Do-it-yourself repairs are certainly not new. Home and garden shows and networks (HGTV and The DYI Network) have glamorized being handy. That’s not necessarily a bad thing, however, in an effort to save money, the DYI option could backfire. Some projects could actually cost additional time and may be more headache or/and danger to your personal health and safety.
Here are 3 areas home owners should call in the professionals.
- ANYTHING plumbing that pertains to Potable (sanitary) water and the waste lines (AKA – Sewer System). Your plumbing system distributes safe drinking water. You also use this water to prepare food. Complex pressurized water systems can include welding (copper pipes) and special pipe-fitting. Once the water is used it must be discarded. Waste line repairs are not only yucky but in some jurisdictions may be subject to municipal inspections and/or permitting. Leave repairs to your main plumbing system to a Pro.
- ANYTHING electrical. This is a HUGE no-no zone to the DYI expert. It’s true, electrical work seems rather simple on the surface. Caution! – Things can get dangerous and complicated quickly. So if you find yourself standing in front of an open panel of wires wondering which one connects where you should STOP and leave the electrical repairs to a Pro.
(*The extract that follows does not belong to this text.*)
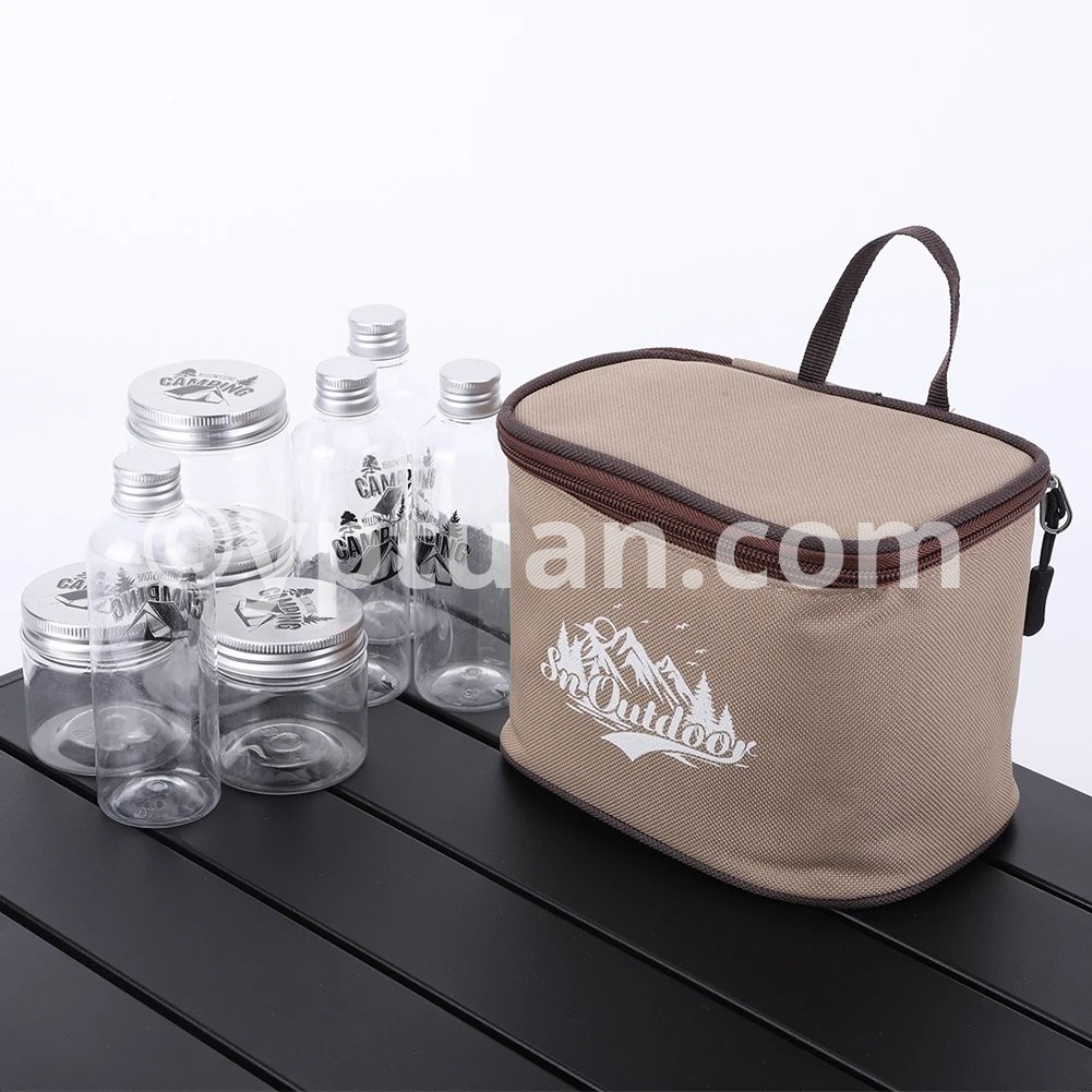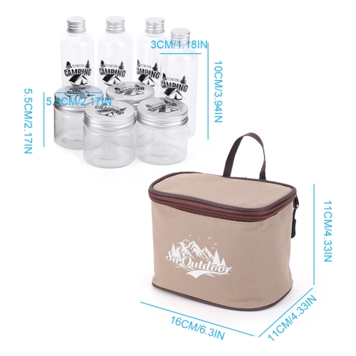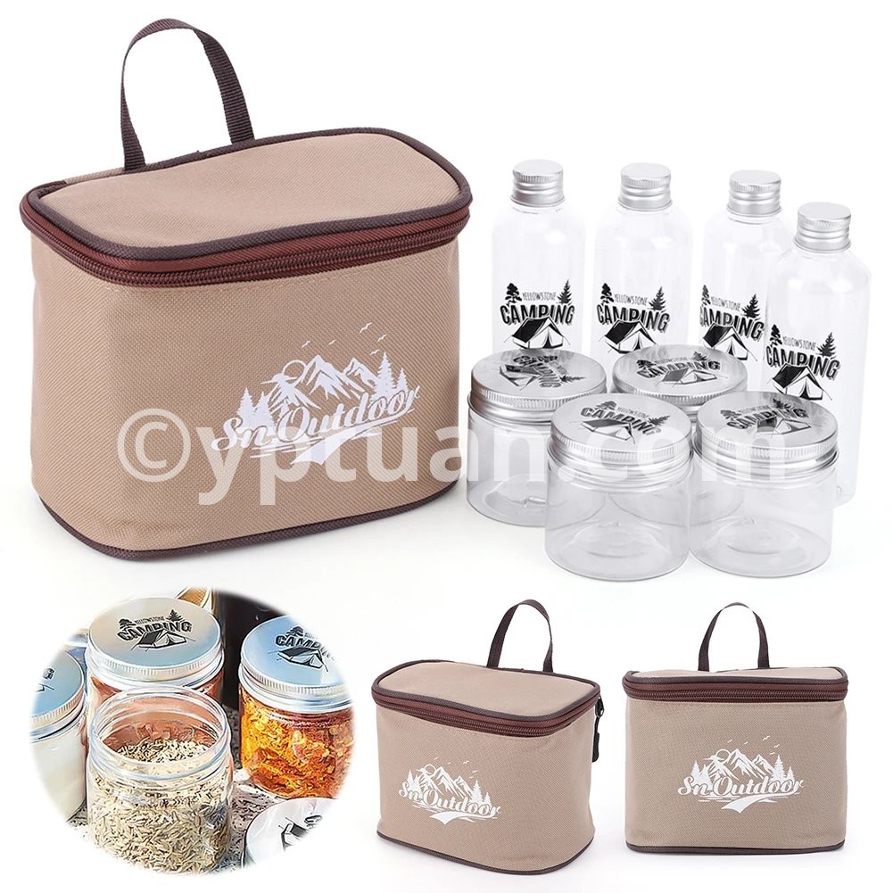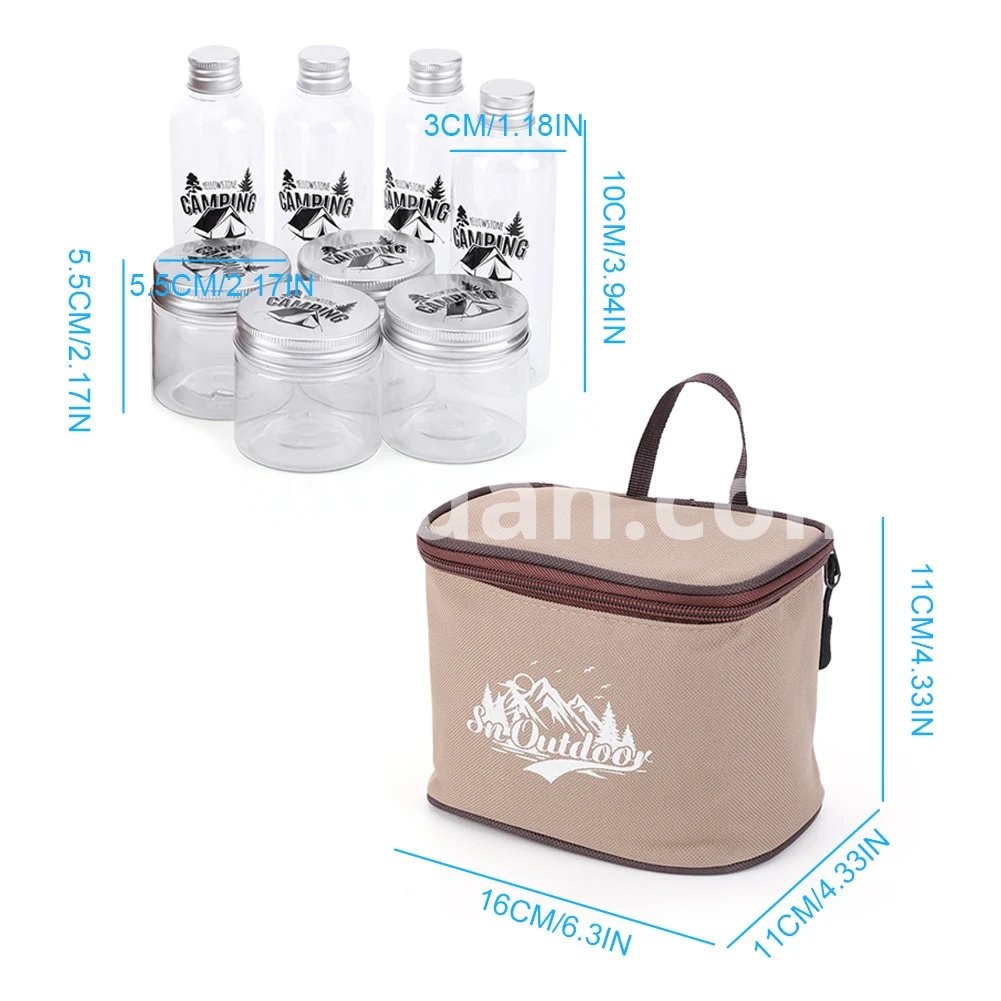 8Pcs Camping Seasoning Bottle Set with Storage Bag Portable Pepper Spice Storage Jars Set for Outdoor Travel Camping BBQ Picnic Feature: 1.Efficient Spice Organization: Our multipurpose seasoning containers are designed to help you effortlessly organize your spices, ensuring that your kitchen stays tidy and efficient. The set comes with a convenient storage bag that keeps everything neatly in place, making it easy to transport your spices to any cooking location. 2.Peace of Mind Usage: Enjoy using our spice containers without worry, thanks to their thoughtful design. The transparent construction allows you to quickly identify the contents, while the secure twist caps ensure that spices won't spill, even if the containers are accidentally knocked over or carried in a bag. 3.Durable and Long-Lasting Quality: Crafted from high-quality materials, our camping spice kit is built to withstand regular use and the rigors of travel. Their durability ensures they will remain a staple in your kitchen or camping gear for years to come, providing reliable service every time. 4.Versatile Application for Activities: The camping seasoning bottle set is not just limited to kitchen use; they are perfect for a wide range of activities such as picnics, road trips, and outdoor adventures. Their versatility allows you to bring your favorite spices wherever you go, enhancing your meals no matter the setting. 5.User-Friendly and Practical Design: The clear design of these spice bottles makes it easy to see what's inside at a glance, eliminating guesswork. The sturdy lids provide a tight seal to keep spices fresh and secure, combining practicality with ease of use to enhance your cooking experience both at home and on the go.Specification: Origin: Mainland China Bottle size: short bottle 5.5*5.5cm, tall bottle 10*3cm Storage size: 16*11*11cm Material: Plastic Note: Due to the different monitor and light effect, the actual color of the item might be slightly different from the color showed on the pictures. Thank you! Please allow 1-2cm measuring deviation due to manual measurement.

- Garage Door Repairs. This is the largest moving object in your home. Garage doors are heavy and cumbersome, most have complicated springs, cables and pulleys are under extreme tension. Serious injury can occur if you either deliberately or accidentally loosen or remove the wrong part. It’s OK to maintain safe operation of the door, but leave garage door repairs to a Pro.
These DIY Celebs Agree!
Grab a cup-o-joe and listen to married hosts Mark & Theresa as they interview DIY experts and celebrities, share how-to tips, and more on MyFixitUpLife. From demo to decorating, they’re breaking down the DIY dilemma with a few of your favorite experts.
DIY Network’s Mike Holmes shares how he tools up Holmes Makes it Right sites to keep them safe and movin’ at full-tilt boogie speed.
Restaurant Impossible designer Taniya Nayak will dial us in on when it’s best to DIY or hire a pro…and ‘Roger That!’ hosts and designers Roger Stout-Hazard and Chris Stout-Hazard give get-it-done advice for going all-in or subbing it out.
For Pros Only!
Check out this example of the type repair you’ll want to leave to a Garage Door Repair Professional!
A few notables with respect to this video:
- the springs (right and left) are not the same size
- one side is “torqued” or tightened more than the other
- when balanced the door should not move up or down [on its own] when operated manually
- the most common grade of torsion springs have an expected life of about 10,000 cycles (yes, they wear out)
- energy supplied by the springs is 563 foot-pounds; that’s like throwing a 50-lb sack of cement up a 11-foot flight of stairs. Or catching a 50-lb sack of cement dropped from 11 feet up
Thank you Richard Kinch for some of the above data, who said:
This work is risky, but the risk is comparable to doing your own car repairs, or climbing on the roof of your house to clean your gutters. These are dangerous things that many people can do safely, but that safety depends on intelligent understanding and application of proper techniques.
But I say…leave this one to the Pros!